**Work required:**
Please repeat the lines below exactly. Begin with the line containing "任玲从事食品质检行业20余年" and go on through the line containing "Бассейн; мини клуб".

------ Data records ------

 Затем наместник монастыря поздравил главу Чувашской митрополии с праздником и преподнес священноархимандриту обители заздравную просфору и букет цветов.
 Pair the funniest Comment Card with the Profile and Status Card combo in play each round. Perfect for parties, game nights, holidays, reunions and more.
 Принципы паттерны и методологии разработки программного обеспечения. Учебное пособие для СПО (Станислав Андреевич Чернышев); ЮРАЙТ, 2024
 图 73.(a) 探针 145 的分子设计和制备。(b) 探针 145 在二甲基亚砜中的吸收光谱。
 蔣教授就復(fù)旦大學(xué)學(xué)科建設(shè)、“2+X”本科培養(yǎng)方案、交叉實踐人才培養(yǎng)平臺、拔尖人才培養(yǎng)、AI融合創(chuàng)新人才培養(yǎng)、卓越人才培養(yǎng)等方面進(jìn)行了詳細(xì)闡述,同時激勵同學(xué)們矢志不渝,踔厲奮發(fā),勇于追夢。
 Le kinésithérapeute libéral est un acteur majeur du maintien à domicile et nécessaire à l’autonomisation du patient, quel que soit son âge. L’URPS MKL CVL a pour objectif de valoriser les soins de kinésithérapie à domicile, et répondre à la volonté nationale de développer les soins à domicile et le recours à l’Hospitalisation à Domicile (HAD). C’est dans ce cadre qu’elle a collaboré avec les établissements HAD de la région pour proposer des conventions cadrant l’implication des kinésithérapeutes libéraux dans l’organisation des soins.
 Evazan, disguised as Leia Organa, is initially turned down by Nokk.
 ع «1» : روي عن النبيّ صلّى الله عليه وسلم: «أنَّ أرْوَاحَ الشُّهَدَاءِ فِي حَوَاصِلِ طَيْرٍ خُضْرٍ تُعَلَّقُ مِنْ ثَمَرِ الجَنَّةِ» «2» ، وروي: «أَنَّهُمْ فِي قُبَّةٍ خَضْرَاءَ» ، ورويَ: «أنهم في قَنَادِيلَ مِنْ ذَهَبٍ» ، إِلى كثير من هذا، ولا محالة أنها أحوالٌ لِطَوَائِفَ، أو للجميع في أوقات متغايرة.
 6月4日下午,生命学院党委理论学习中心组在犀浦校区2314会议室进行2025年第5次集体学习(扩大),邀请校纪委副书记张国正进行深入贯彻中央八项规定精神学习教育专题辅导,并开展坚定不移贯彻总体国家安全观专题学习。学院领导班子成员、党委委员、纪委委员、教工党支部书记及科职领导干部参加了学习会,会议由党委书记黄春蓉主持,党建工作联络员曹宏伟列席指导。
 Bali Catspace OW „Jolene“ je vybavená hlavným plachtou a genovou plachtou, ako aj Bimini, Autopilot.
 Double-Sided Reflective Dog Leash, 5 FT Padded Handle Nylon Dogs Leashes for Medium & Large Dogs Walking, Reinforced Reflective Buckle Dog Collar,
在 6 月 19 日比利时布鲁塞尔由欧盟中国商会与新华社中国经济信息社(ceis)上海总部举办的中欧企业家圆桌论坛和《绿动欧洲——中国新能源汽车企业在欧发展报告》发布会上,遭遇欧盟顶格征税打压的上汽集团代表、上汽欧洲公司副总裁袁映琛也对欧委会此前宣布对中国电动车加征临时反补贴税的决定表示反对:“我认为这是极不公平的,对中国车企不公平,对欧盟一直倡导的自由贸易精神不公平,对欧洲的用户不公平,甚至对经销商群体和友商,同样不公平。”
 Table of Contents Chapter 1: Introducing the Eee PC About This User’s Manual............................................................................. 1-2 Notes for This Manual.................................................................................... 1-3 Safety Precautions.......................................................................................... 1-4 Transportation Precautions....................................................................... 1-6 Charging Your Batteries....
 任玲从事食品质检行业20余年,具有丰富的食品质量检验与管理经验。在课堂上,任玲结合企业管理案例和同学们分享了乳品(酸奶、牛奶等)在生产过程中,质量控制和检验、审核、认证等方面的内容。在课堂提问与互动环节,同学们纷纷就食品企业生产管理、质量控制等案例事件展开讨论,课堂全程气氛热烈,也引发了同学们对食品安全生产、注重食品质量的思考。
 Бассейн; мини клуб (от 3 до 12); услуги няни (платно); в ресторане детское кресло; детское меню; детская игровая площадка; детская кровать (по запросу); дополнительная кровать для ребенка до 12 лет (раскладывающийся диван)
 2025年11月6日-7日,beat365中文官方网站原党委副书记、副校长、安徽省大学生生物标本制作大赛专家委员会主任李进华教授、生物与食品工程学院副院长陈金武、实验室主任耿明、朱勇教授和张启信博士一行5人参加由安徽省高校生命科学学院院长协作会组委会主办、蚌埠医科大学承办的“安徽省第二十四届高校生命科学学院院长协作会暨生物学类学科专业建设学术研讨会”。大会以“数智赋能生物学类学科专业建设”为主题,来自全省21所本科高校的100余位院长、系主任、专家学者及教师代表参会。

------

**Response:**
 任玲从事食品质检行业20余年,具有丰富的食品质量检验与管理经验。在课堂上,任玲结合企业管理案例和同学们分享了乳品(酸奶、牛奶等)在生产过程中,质量控制和检验、审核、认证等方面的内容。在课堂提问与互动环节,同学们纷纷就食品企业生产管理、质量控制等案例事件展开讨论,课堂全程气氛热烈,也引发了同学们对食品安全生产、注重食品质量的思考。
 Бассейн; мини клуб (от 3 до 12); услуги няни (платно); в ресторане детское кресло; детское меню; детская игровая площадка; детская кровать (по запросу); дополнительная кровать для ребенка до 12 лет (раскладывающийся диван)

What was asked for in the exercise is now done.